To dismiss and reduce Scott to her choice of companion is to do a disservice to a woman who enjoyed a decades-long career in fashion. Scott was one of the few models who have successfully made the leap from clotheshorse to respected stylist and designer – which would be no mean feat now, let alone when Scott started out.
Scott was born Laura “Luann” Bambrough in Roy, Utah – the epitome of small-town America – and was adopted and raised by conservative Mormon parents. Her mother taught her to be proud of her leggy stature: slumping and slouching was not an option in the Bambrough household. Her school nickname was, appropriately, Lady. "I guess I was always a bit ladylike," she once said.
When photographer Bruce Weber spotted her on a ski trip in 1985, 18-year-old Luann was already over six foot, and had resorted to sewing clothes that would fit her lengthy stature. Weber shot Scott and her then-boyfriend for a Calvin Klein campaign and wrote them a check for $1,500 (a huge sum of money at the time). Luann, sensing the call of destiny, left Utah and hopped on a plane to Paris without telling her parents. In the process, she rechristened herself "L'Wren".
L'Wren made an immediate impression on the continent, walking for Thierry Mugler and Chanel, as well as landing big editorials with Guy Bourdin, Jean-Paul Goude and David Bailey, who shot her 42-inch legs in a now-classic Pretty Polly advert for tights (leading one newspaper to christen her "The Longest Legs in Britain").

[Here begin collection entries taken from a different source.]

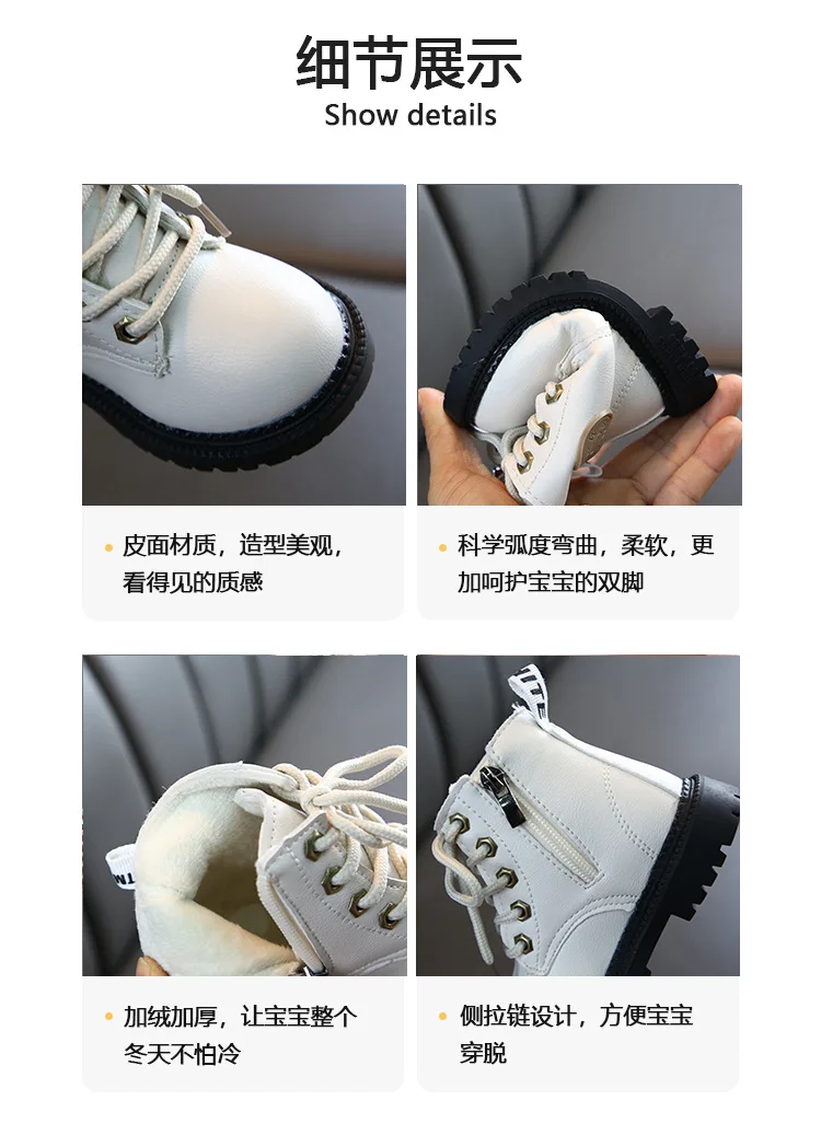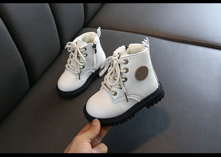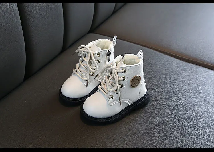 Зимние ботинки для детей от 1 до 5 лет, модные ботинки martin для мальчиков и девочек, пушистые плюшевые теплые детские хлопковые ботинки, высокое качество
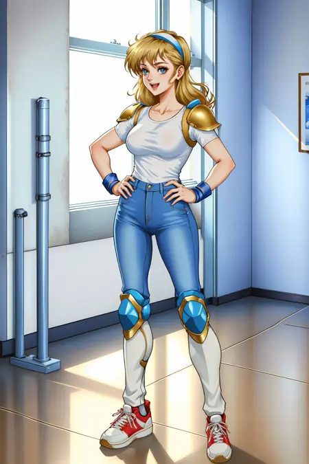 来自一款现已鲜为人知的1990年代打斗游戏《卧底警察》的角色。提示词为“RosaFelmonde”,描述其游戏服装:“发带、腕带、白色T恤、牛仔裤、腿套、护膝、护肩”等。
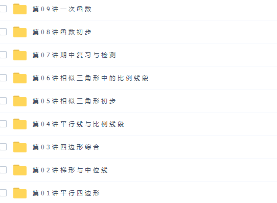 此课件来自91好课,林东初一数学春季创新班完结。此课件主要知识点包括:平行四边形、梯形与中位线、四边形综合、平行线与比例线段、相似三角形初步、相似三角形中的比例线段、期中复习与检测、函数初步、一次函数、反比例函数、函数综合、二次函数初步、组合问题、期末测试。
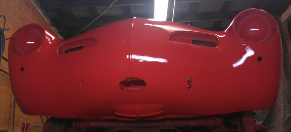 Presuming you viewed all the images leading to this point, "before", "initial rebirth", and especially if you consider some of the images below, there are quite a few things to notice in the image at right. First, notice the reflection of the flourescent lamp bulbs in the right rear fender panel, just above the tire - they're as straight as you can hope for, especially given the damage in that area. Similarly, the right corner of the engine bay has been reconstructed. And, the big - make that huge! - dent at the top of the rear tip of the right rear fender is virtually perfect (look for the shiny spot above the right tail lamp).

In the 90s, Scott relocated to LA and was introduced by Helena Christensen to the late Herb Ritts, ushering in her new mode as Hollywood stylist du jour. Collaborating frequently with Ritts on shoots for Vanity Fair, W and New York, she became the go-to stylist for actresses like Nicole Kidman, Julianne Moore and Ellen Barkin. She designed for Hollywood movies too, with jobs for Ocean's Thirteen and Eyes Wide Shut.

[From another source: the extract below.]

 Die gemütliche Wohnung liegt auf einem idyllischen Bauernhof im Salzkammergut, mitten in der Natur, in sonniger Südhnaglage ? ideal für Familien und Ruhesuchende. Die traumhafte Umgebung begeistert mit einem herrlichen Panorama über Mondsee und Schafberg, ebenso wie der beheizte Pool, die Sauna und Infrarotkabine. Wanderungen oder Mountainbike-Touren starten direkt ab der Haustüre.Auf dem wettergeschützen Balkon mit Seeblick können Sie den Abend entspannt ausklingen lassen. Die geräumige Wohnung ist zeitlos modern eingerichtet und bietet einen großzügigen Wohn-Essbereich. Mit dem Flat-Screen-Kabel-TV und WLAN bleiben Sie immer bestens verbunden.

In 2006, Scott unveiled her eponymous collection with her Little Black Dress collection, which traded in old world glamour, womanly silhouettes and femininity – and, with names like the infamous Headmistress dress, incorporated a good deal of sly, campy sex. Barkin, who became close friends with the designer, once said: "If I looked naked like I look in her dresses, I'd be happy."
Unlike most designers, who put their own vision first, Scott took a person-centered approach to design: she worked tirelessly to make women feel good about themselves. And she designed for women, too – innocent ingénues and starlets had no place in her clothes, which were age-appropriate, red-carpet ready and cinched and tailored to an inch of their lives. As Christina Hendricks put it, "she (designed) for how women want to look and for what men want to look at".

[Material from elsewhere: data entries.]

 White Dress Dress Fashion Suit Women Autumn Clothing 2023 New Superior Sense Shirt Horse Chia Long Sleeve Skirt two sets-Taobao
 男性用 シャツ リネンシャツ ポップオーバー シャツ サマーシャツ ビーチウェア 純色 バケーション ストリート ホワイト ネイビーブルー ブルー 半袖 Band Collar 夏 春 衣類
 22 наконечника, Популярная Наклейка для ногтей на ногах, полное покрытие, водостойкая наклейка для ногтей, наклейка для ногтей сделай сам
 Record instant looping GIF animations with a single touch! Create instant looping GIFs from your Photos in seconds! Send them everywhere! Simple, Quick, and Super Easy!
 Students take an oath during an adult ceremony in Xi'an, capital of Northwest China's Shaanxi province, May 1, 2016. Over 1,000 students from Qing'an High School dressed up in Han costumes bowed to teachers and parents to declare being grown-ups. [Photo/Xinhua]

Even her small and intimate shows were about the guests first and the clothes second: there was always a civilised luncheon for invitees, and seats for everyone. Then, as former Washington Post fashion editor Robin Givhan remembers, "Scott would stand and sort of wave and mouth 'thank you.' Then, she’d stick around and chat". Her ultra-feminine designs have since been worn by everyone from Naomi Campbell, Penelope Cruz, Madonna, Angelina Jolie and Michelle Obama. In fact, the First Lady was wearing a L'Wren Scott dress when Mick Jagger visited the White House in 2012.
More than anything, Scott was a hard worker – in fact, she once described herself happier being "a worker bee" then anything else. In this Another interview, Scott names her tough, determined Mormon mother as her biggest influence in her life: "She once said to me, 'If you want something in life, you better go out and work for it and work hard because it's not going to come and knock on our front door in Roy, Utah.'" From small-town Utah to dressing the First Lady – Scott more than proved it was possible.